## What the exercise asks
In the copy, include no pictures. Reproduce the rest of the entries exactly.

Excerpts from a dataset
%%

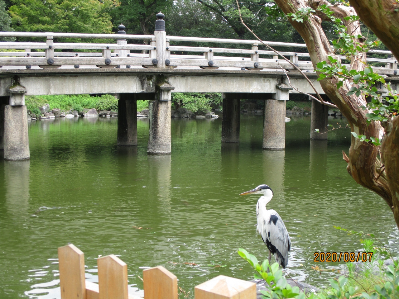京都御苑の迎賓館を見学した後、地下鉄丸太町駅に向かって、歩いていたら、厳島神社の案内板を見つけ、進んでいったら、池と橋がありました。池には亀がうじゃうじゃいて、更にすっぽんまでいて、近所の方らしい親子連れが楽しんでいました。
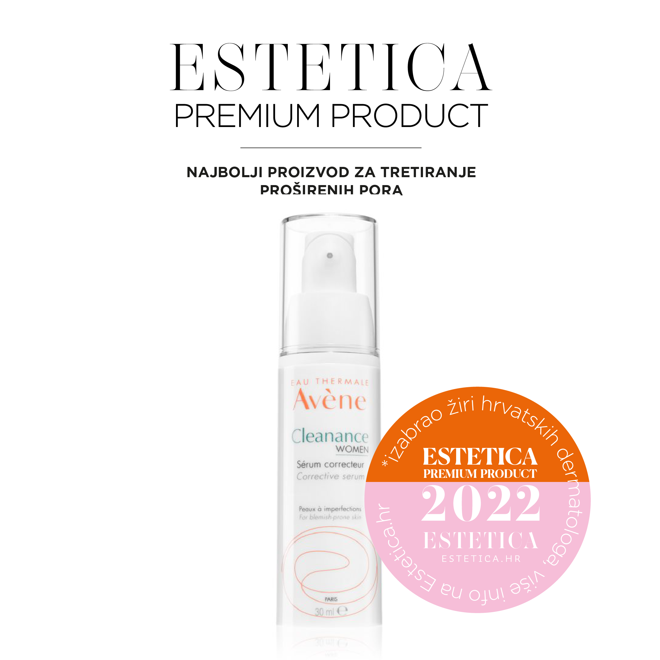 Ključni dio strategije, tvrde dermatolozi, je kreiranje svakodnevne rutine njege koja će ciljano djelovati na nekoliko problema – rastapanje viška sebuma iz pora te preventivni učinak na upalne procese i prištiće. Sve to specijalnost je jednog proizvoda – Eau Thermale Avène Cleanance Women, korektivnog seruma koji je odnio pobjedu u kategoriji Najbolji proizvod za tretiranje proširenih pora na Estetica Premium Product 2022.
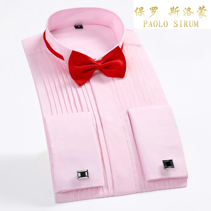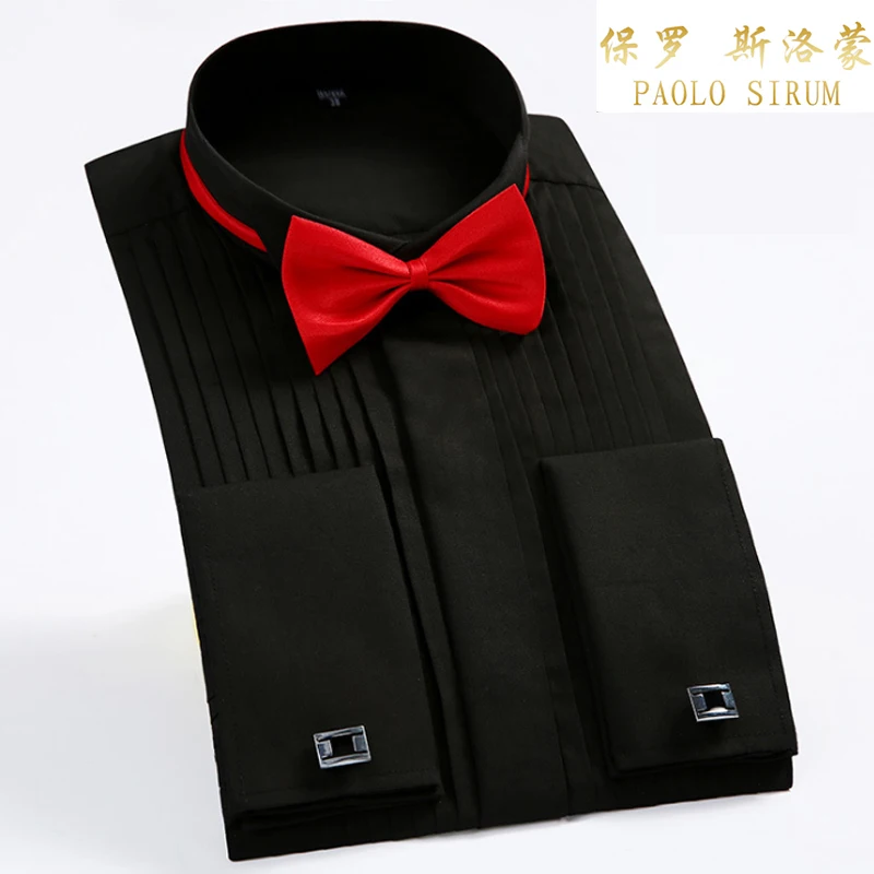 Белая мужская рубашка для смокинга, Классические французские запонки, длинный рукав, Свадебная вечеринка, мужской 6xl, размера плюс
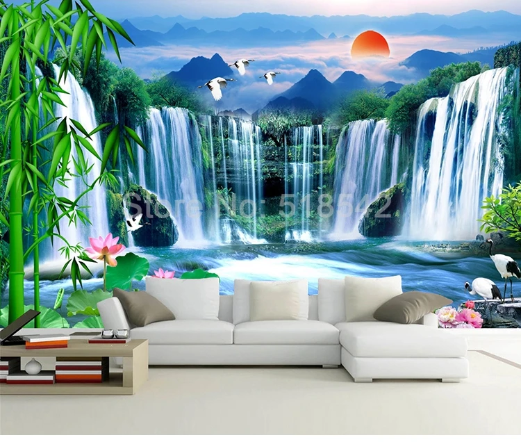 Пользовательские фото обои 3D водопад лес река настенная декоративн...
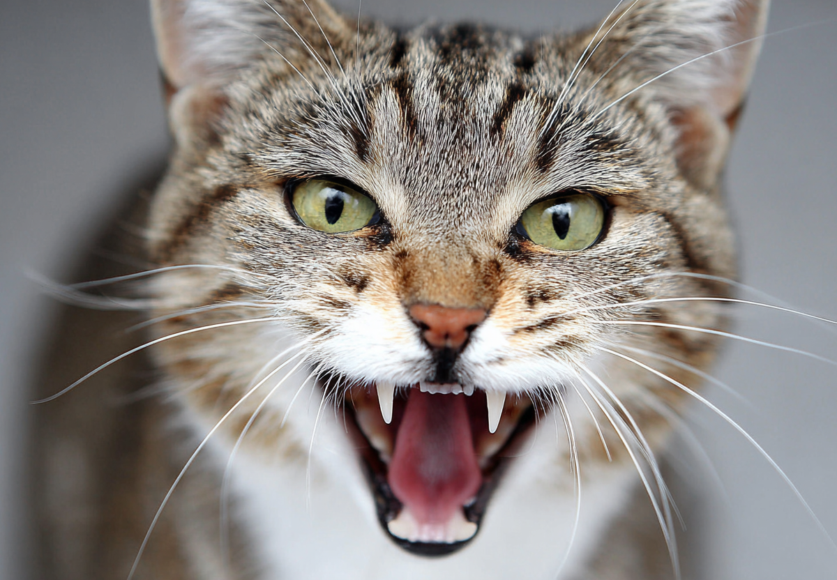 Низкое гортанное мяуканье предупреждает: кошка может быть раздражена или чувствовать угрозу.
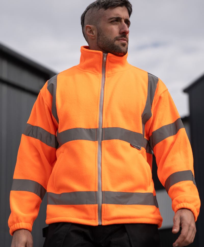 Stehkragen, elastische Bündchen an Arm- und Bundabschluss, durchgehender Reißverschluss vorne, 2 Seitentaschen, zertifiziert nach EN ISO 20471:2013 Klasse 3, garantierte Reflektionseigenschaft gemäß EN-Norm für 25 Waschgänge, 2 Reflexstreifen an Ärmeln, je 1 Reflexstreifen über jeder Schulter, zwei 5cm breite Reflexstreifen um den Körper, 40° waschbar
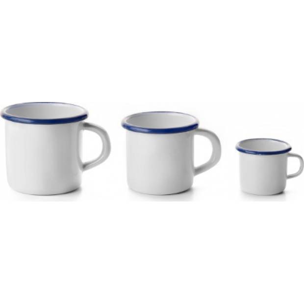 Praktický hrníček s povrchem z kvalitního smaltu bílé barvy s efektní modrou linkou. Může se použít na všechny známé typy ohřevu i do pečící trouby a mýt v myčce nádobí.
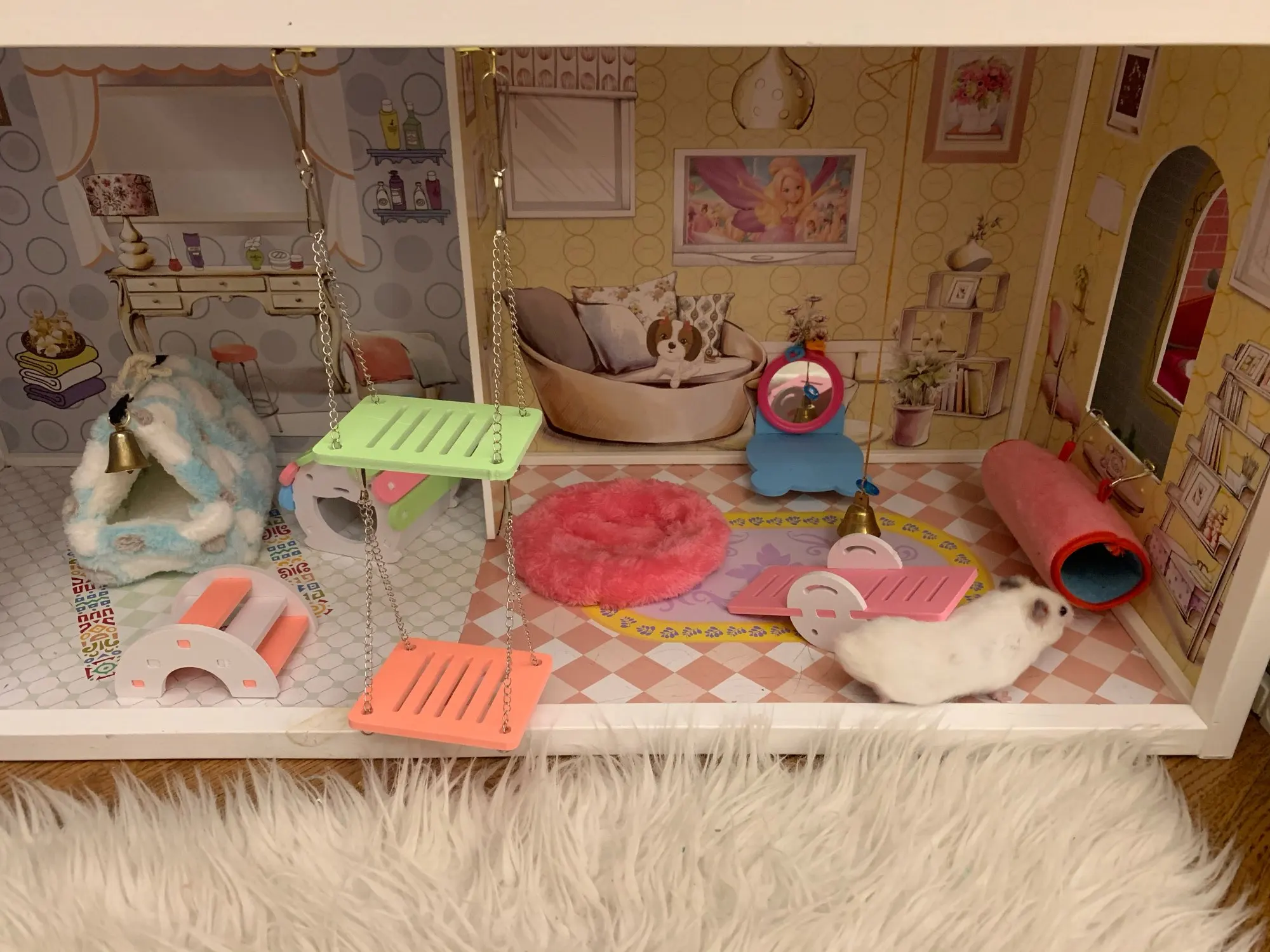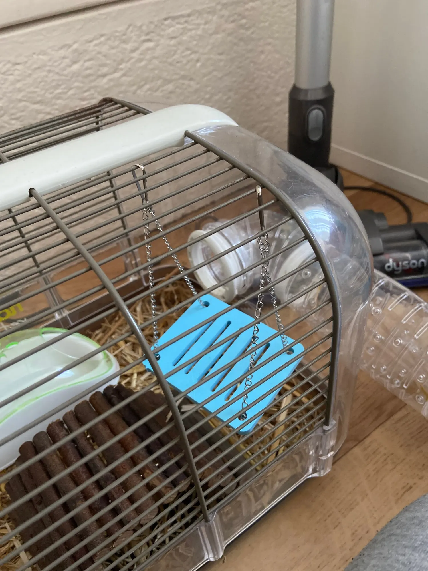 Качель даже не из пластмассы,а из какого то твердого пенопласта,сгрызут быстро,сверху бы надо какие то стопорки...Для крыс очень маленькая.
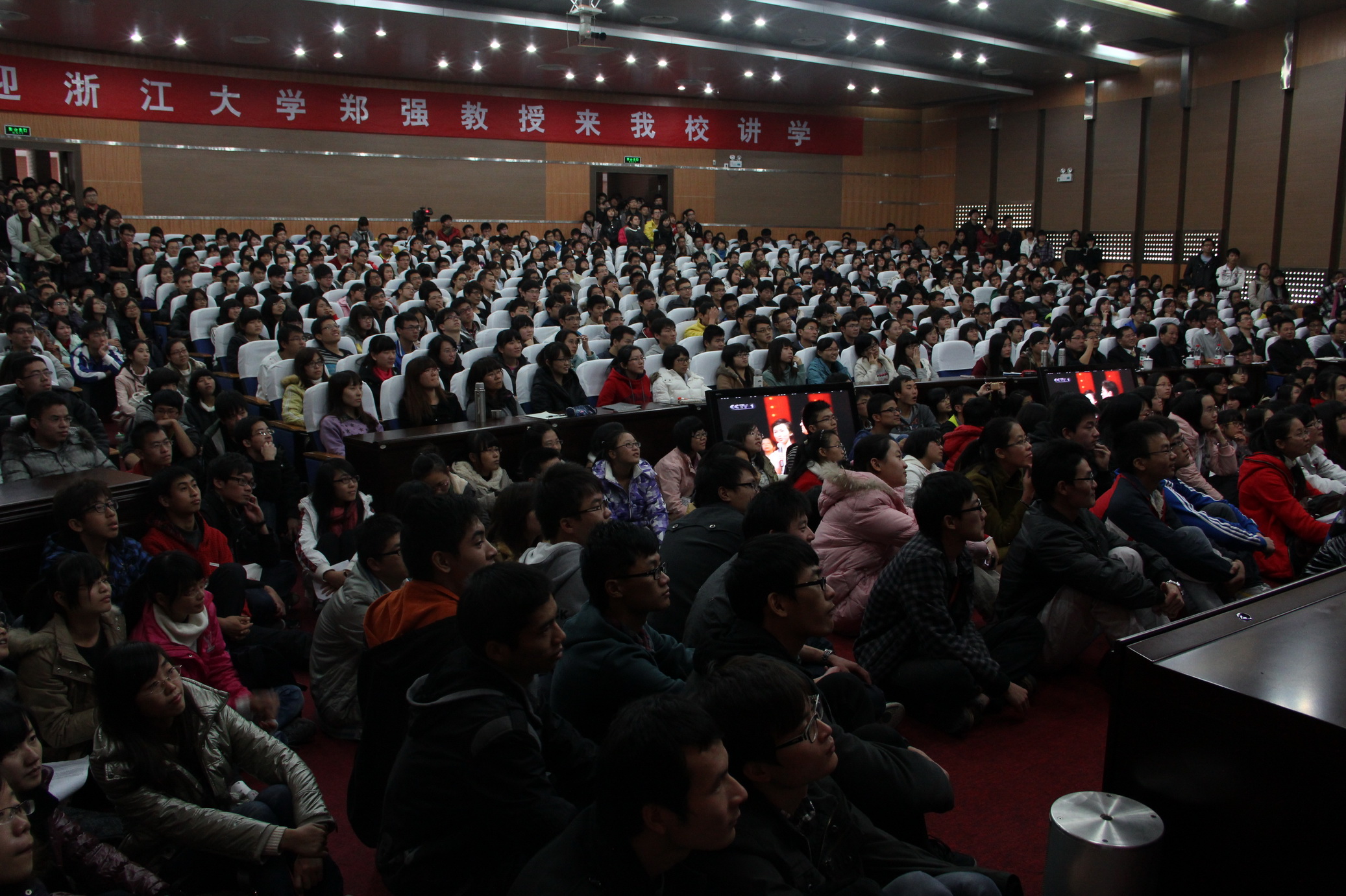 12月13日下午,浙江大学博士生导师郑强教授莅临我校,带来题为“文化 人格 修养 视野——当代大学生的价值取向与历史责任”的专题讲座。全校近800名师生聆听了讲座。校党委罗萤书记主持讲座,凌启淡副校长到场聆听了讲座。
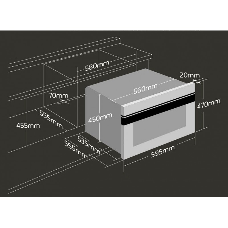 - Production Dimensions (W x H x D): 595mm x 470mm x 555mm

%%

## Response area
京都御苑の迎賓館を見学した後、地下鉄丸太町駅に向かって、歩いていたら、厳島神社の案内板を見つけ、進んでいったら、池と橋がありました。池には亀がうじゃうじゃいて、更にすっぽんまでいて、近所の方らしい親子連れが楽しんでいました。
 Ključni dio strategije, tvrde dermatolozi, je kreiranje svakodnevne rutine njege koja će ciljano djelovati na nekoliko problema – rastapanje viška sebuma iz pora te preventivni učinak na upalne procese i prištiće. Sve to specijalnost je jednog proizvoda – Eau Thermale Avène Cleanance Women, korektivnog seruma koji je odnio pobjedu u kategoriji Najbolji proizvod za tretiranje proširenih pora na Estetica Premium Product 2022.
 Белая мужская рубашка для смокинга, Классические французские запонки, длинный рукав, Свадебная вечеринка, мужской 6xl, размера плюс
 Пользовательские фото обои 3D водопад лес река настенная декоративн...
 Низкое гортанное мяуканье предупреждает: кошка может быть раздражена или чувствовать угрозу.
 Stehkragen, elastische Bündchen an Arm- und Bundabschluss, durchgehender Reißverschluss vorne, 2 Seitentaschen, zertifiziert nach EN ISO 20471:2013 Klasse 3, garantierte Reflektionseigenschaft gemäß EN-Norm für 25 Waschgänge, 2 Reflexstreifen an Ärmeln, je 1 Reflexstreifen über jeder Schulter, zwei 5cm breite Reflexstreifen um den Körper, 40° waschbar
 Praktický hrníček s povrchem z kvalitního smaltu bílé barvy s efektní modrou linkou. Může se použít na všechny známé typy ohřevu i do pečící trouby a mýt v myčce nádobí.
 Качель даже не из пластмассы,а из какого то твердого пенопласта,сгрызут быстро,сверху бы надо какие то стопорки...Для крыс очень маленькая.
 12月13日下午,浙江大学博士生导师郑强教授莅临我校,带来题为“文化 人格 修养 视野——当代大学生的价值取向与历史责任”的专题讲座。全校近800名师生聆听了讲座。校党委罗萤书记主持讲座,凌启淡副校长到场聆听了讲座。
 - Production Dimensions (W x H x D): 595mm x 470mm x 555mm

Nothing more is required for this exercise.